“Live Free or Die”: Analog Edition

The Status Quo

My apartment complex used to have a card system for their laundry services. It was a credit-card-sized reloadable card, which had an EMV-style chip in it to be read by the machine. The total for a wash and a dry was $6.

The Part Where Things Go South

Unfortunately, the self-help point-of-sale terminal was constantly down. This meant it was impossible to load your card for often a week or two at a time until a service person could come out and fix the machine. Thus, you might end up going a week or more without doing laundry. Obviously, this is problematic.

Enter “The Disruptor”

This is where “the disruptor”, Tumble, comes in.

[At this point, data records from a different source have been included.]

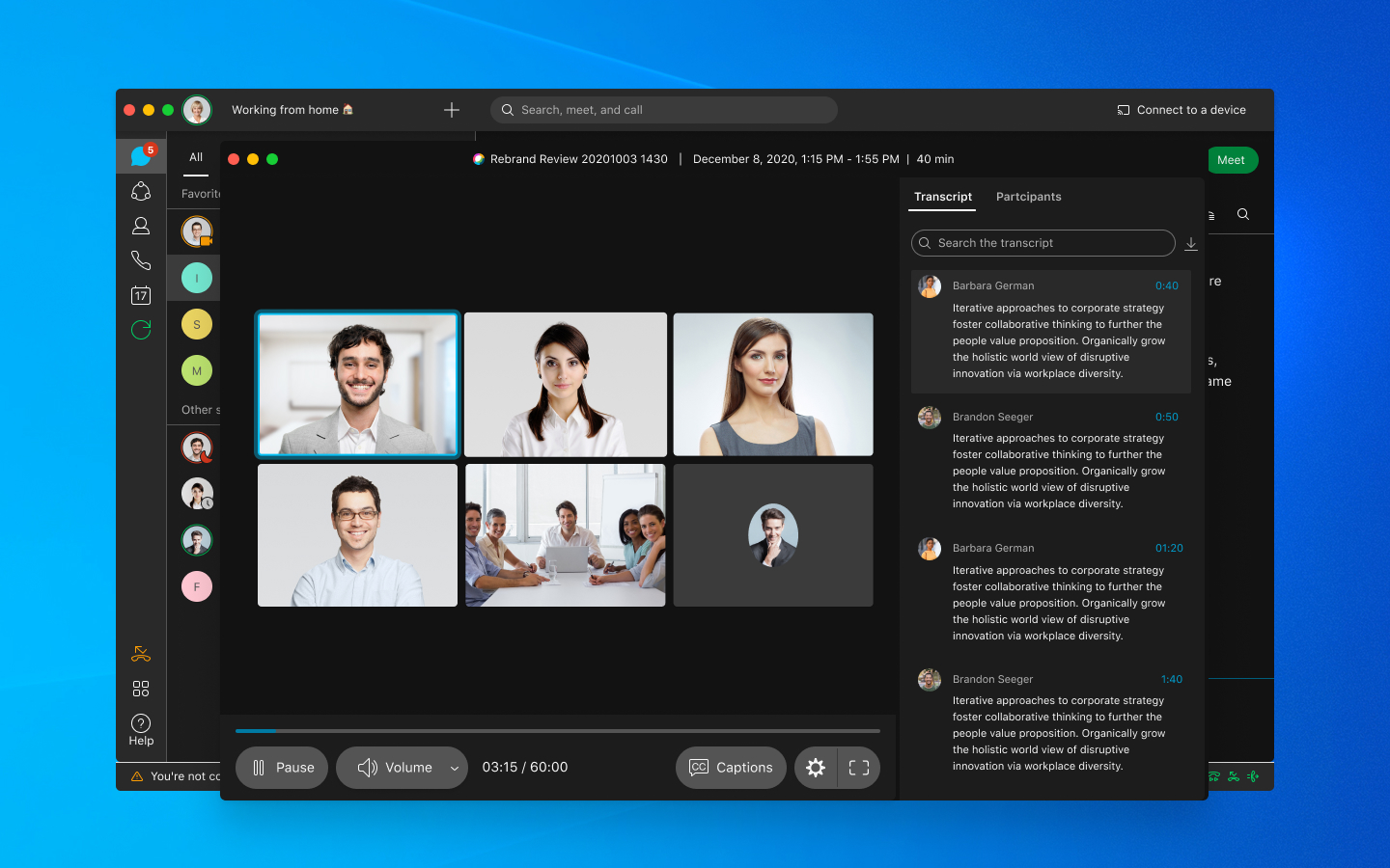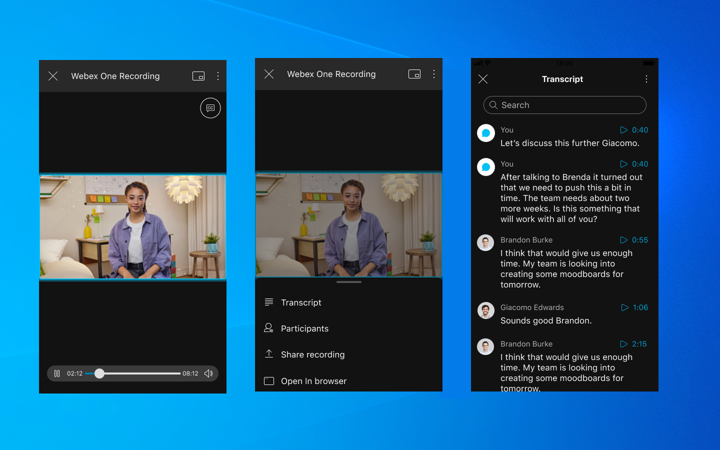 Watch back important meetings that you have recorded previous. Quickly filter through the conversation by searching the transcripts for important talking points you want to listen back to.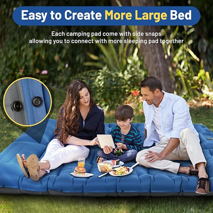 - Enjoy Upgrading Double Sleeping Pad:Our exped sleeping pad has a connecting buckle on the side, which allows you to easily connect another one to make a double bed or larger sleeping mat, making you sleep more comfortably. It is perfect for camping with family and friends and is a great gift for friends or family. If you have any problems with the backpacking sleeping pad, please feel free to contact us. Our professional customer service will make every effort to ensure your satisfaction.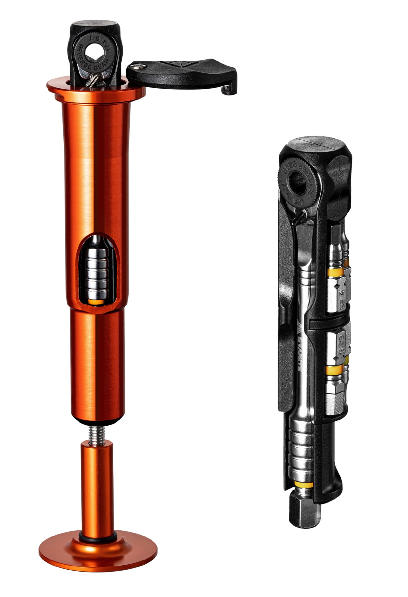 Granite Design propose un multi-outils innovant à cliquet bidirectionnel, conçu pour s’intégrer parfaitement aux pivots de fourche coniques. Ce kit complet comprend une clé à cliquet réversible et 9 embouts de haute qualité : clés Allen 2, 2,5, 3, 4, 5, 6, 8 mm, Torx T25 et un embout cruciforme PH1, ce dernier pouvant s’insérer dans la poignée pour offrir un levier supplémentaire lors des serrages difficiles. Le multi-outils intégré répond aux problématiques d’encombrement en sortie VTT grâce à son design compact. Il se compose d’une cuvette en aluminium 7075-T6 usinée CNC qui accueille le cliquet et les embouts, maintenue…
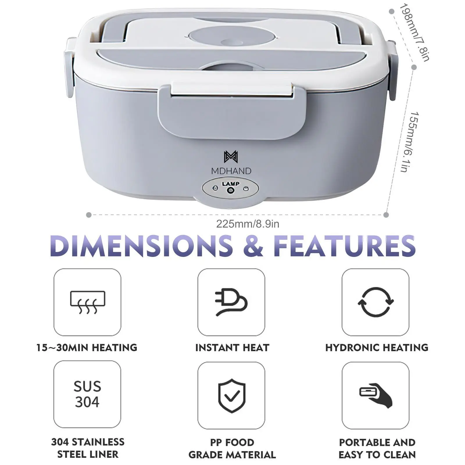 【 Easy to Clean】MDHAND food heater lunch box built-in rubber sealing ring can avoid leakage which will keep your food warm and fresh. 304 Stainless Steel Tray can be easily taken out for cleaning, tray can be put into the dishwasher.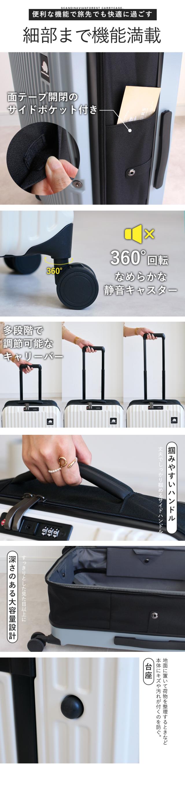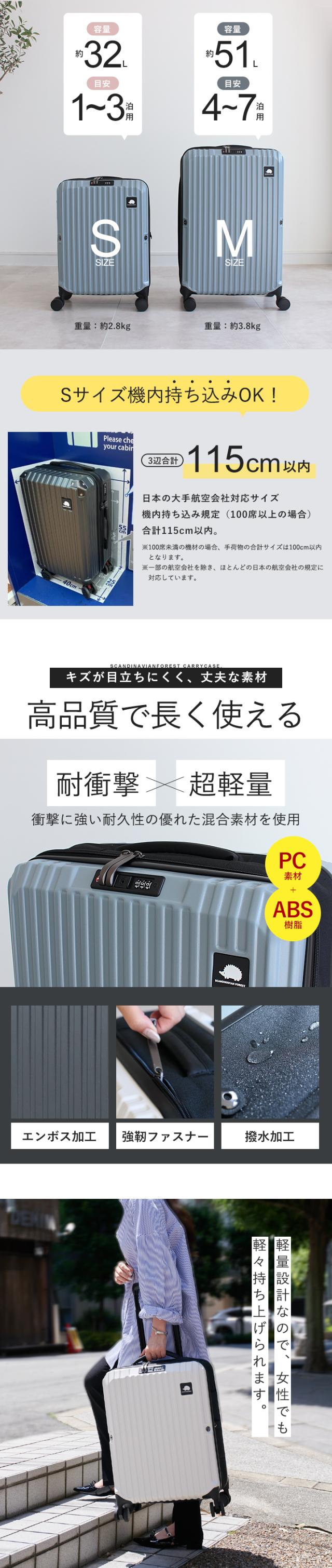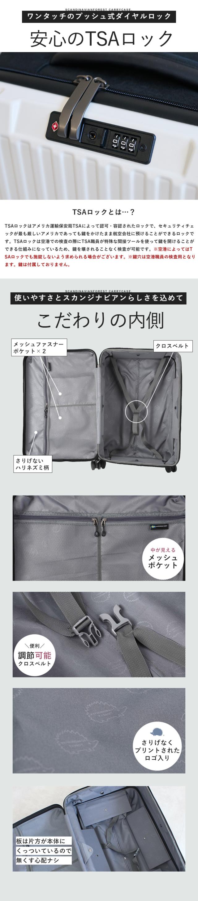 | 備考 | 人気北欧ブランド「SCANDINAVIAN FOREST」から初のスーツケースが登場しました。 傷が目立ちにくいエンボス加工が施された軽量で丈夫な素材を使用して、 可愛いハリネズミのロゴがアクセントになったシンプルなデザインは男女問わず幅広い世代におすすめです。 キャリーケースといえば使わないときの収納が悩み。 このキャリーケースは約半分に折りたためてスリムに収納できます。 TSAロック、調節可能なキャリーバー、360度回転のキャスターなど 使いやすいポイントも盛りだくさん。 |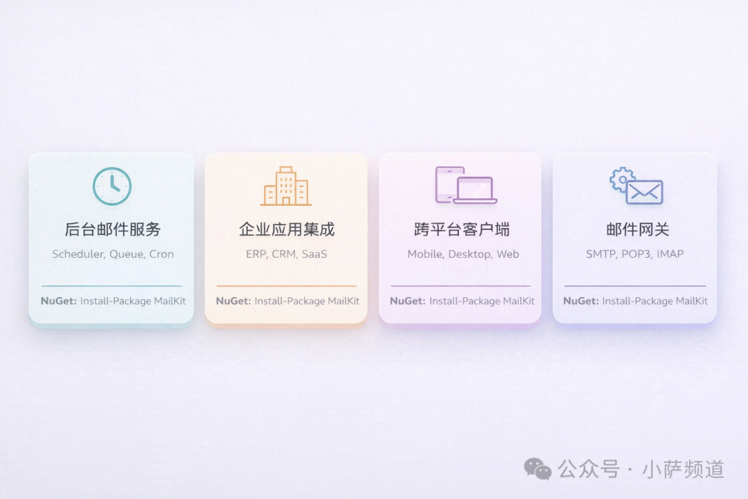 实际项目中什么时候用它后台邮件服务:定时任务发送通知邮件、批量发送营销邮件、收件解析做自动化处理。MailKit 的 PIPELINING 和流式处理让性能有保障。 企业应用集成:Exchange / Microsoft 365 的 OAuth2 认证、Shared Mailbox 操作、IMAP ACL 权限管理,S/MIME 加密——这些企业级需求在其他库里要么不支持要么一堆 workaround。 跨平台客户端:Xamarin、MAUI、Uno Platform 开发桌面或移动邮件客户端,MailKit 是目前移动端最稳定的 IMAP/SMTP 实现。 邮件网关或代理:需要解析 MIME 内容、验证 DKIM、处理 TNEF(Winmail.dat)格式的附件,MimeKit 的 MIME 解析能力在这些场景下是核心依赖。

My apartment complex changed providers to Tumble in 2024. Tumble is an app which allows self-service of the laundry machines via their app. Unfortunately, the cost to use service for a wash and a dry is $10. That’s a sigificant difference, which we all are reasonable to assume is to pay engineers to maintain an app (with many significant bugs of course, but that’s not important right now).

Why Should I Care?

The Status Quo Was Preferable

Most laundry rooms in apartment complexes are in the basement. Basements are often under a giant slab of concrete, which is a cellular signal deadzone. Ergo, there is no cellular service in the laundry room, which means that the Tumble app is not able to reach the backend service. Bluntly, the Tumble app is borderline unusable, and no change from engineering will ever fix that because a fundamental mistake of an assumption was made at the beginning of the design phase. You must consider how the user will use your service. One does not simply throw an app over the fence in a desparate bid to “disrupt”. Unfortunately, too many have gotten rich from this practice, and it’s hard to discourage.

“Old People”

Once again, this is a case of Silicon Valley innovation, which ultimately makes things more difficult for the elderly. If you are an older person (like my grandmother), you’ve just been shuttered out from yet another simple, yet important, aspect of your life because you do not have a smart phone to run the app. I never approve of this, and I never will. Everytime I think about moving to a feature phone, I am immediately held back by the realization that my apartment door requires a smart device via the Latch app in order to open. If you wish to sell a product , you absolutely must consider users who do not have smart technology. Thankfully, Latch has a card key to be used with their locks, but Tumble has no analog backup. This is unacceptable.

Conclusion

I recognize I look ridiculous when I write so many italicized and bolded statements, but the number of “disruptors” actively making life more difficult for everyone is shocking. Not everything needs “disrupting”. However, many things do need refining, and we should always welcome the changes after serious evaluation. Once again, I find myself screaming into the void, “plan for the offline case”. It will happen.